Gebrannte Kinder
Aus früheren Beziehungen schleppt fast jeder Altlasten mit sich herum. Doch wer in seinem LIEBESGEDÄCHTNIS zu lesen lernt, kann Katastrophen vermeiden.
Alles neu macht der Kai, denkst du und genießt das große Gefühl der unbeschwerten ersten Wochen mit ihm. Egal, was draußen vor dem Fenster los ist, ab jetzt ist Frühling. Tagelang liegt ihr im Bett herum, schreibt zärtliche Dinge auf zärtliche Postkarten, immerzu schwankend zwischen emotionalem Aneinander heran tasten und sexuellem Übereinanderherfallen. Großartiges, perfektes Verliebtsein. Gerade wart ihr spazieren, habt euch Dinge von früher anvertraut, jetzt ist da auf einmal dieses Unbehagen. Kais Bemerkung, einfach so da hin gesagt: In allen Beziehungen seiner Vergangenheit sei ja immer er derjenige gewesen, der nach einer Weile das Weite gesucht habe. Er lachte kurz auf, wollte eigentlich sagen, dass jetzt mit dir alles anders ist, aber dir stockte der Atem. Da liegt es mal wieder. Wie ein alter Lappen, zusammengeknüllt, vor sich hin miefend: das Beziehungsgedächtnis. Über Jahre hat es alles aufgesogen, all die anfänglichen Hoffnungen und verkorksten Geschichten, jedes Verlassenwerden, die Traurigkeit danach, die Verachtung und Wut. Es liegt da, nervt und stinkt das nigelnagelneue Beziehungshaus voll, das doch gerade erst frisch hochgezogen wurde.
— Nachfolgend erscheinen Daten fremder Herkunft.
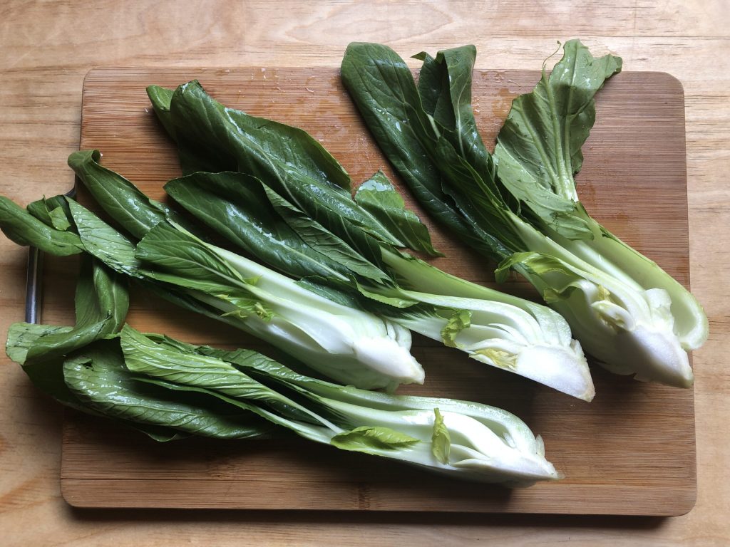 • Lave bem os pak choi em água corrente, escorra, seque com papel-toalha e corte em quartos.

In dem Freude herrschen soll und Liebe und Vertrau en – verdammt noch mal! – und nicht die Vergangenheit mit ihrem Muff. Was ist, wenn er geht, wie seine Vorgänger? ist der Angstgeruch, stechend wie Ammoniak. Warum will er mich heute abend nicht treffen? der Mief des Misstrauens. Oder die schwere Luft der Verallgemeinerung: Wieso kapiert keiner von meinen Freunden, dass ich sie einfach so viel wie möglich sehen möchte, wenn ich verliebt bin? Ein altes Trauma, hineingetragen in eine neue Beziehung. Mit Mitte zwanzig, Anfang dreißig trifft man kaum noch jemanden, der nicht von einer Verletzung berichten kann – und ihren jeweiligen Folgen: Der Exfreund hatte ein Suchtproblem – schon fängt man an, den neuen Partner argwöhnisch zu kontrollieren. Die Exfreundin hat einen schlimm betrogen – schon engt man die Neue ein, klettet und ist eifersüchtig. Mit dem Exfreund hat es im Bett nicht so richtig geklappt – schon ist da die Angst, dass die Lust auch mit dem neuen Freund bald wieder abflaut.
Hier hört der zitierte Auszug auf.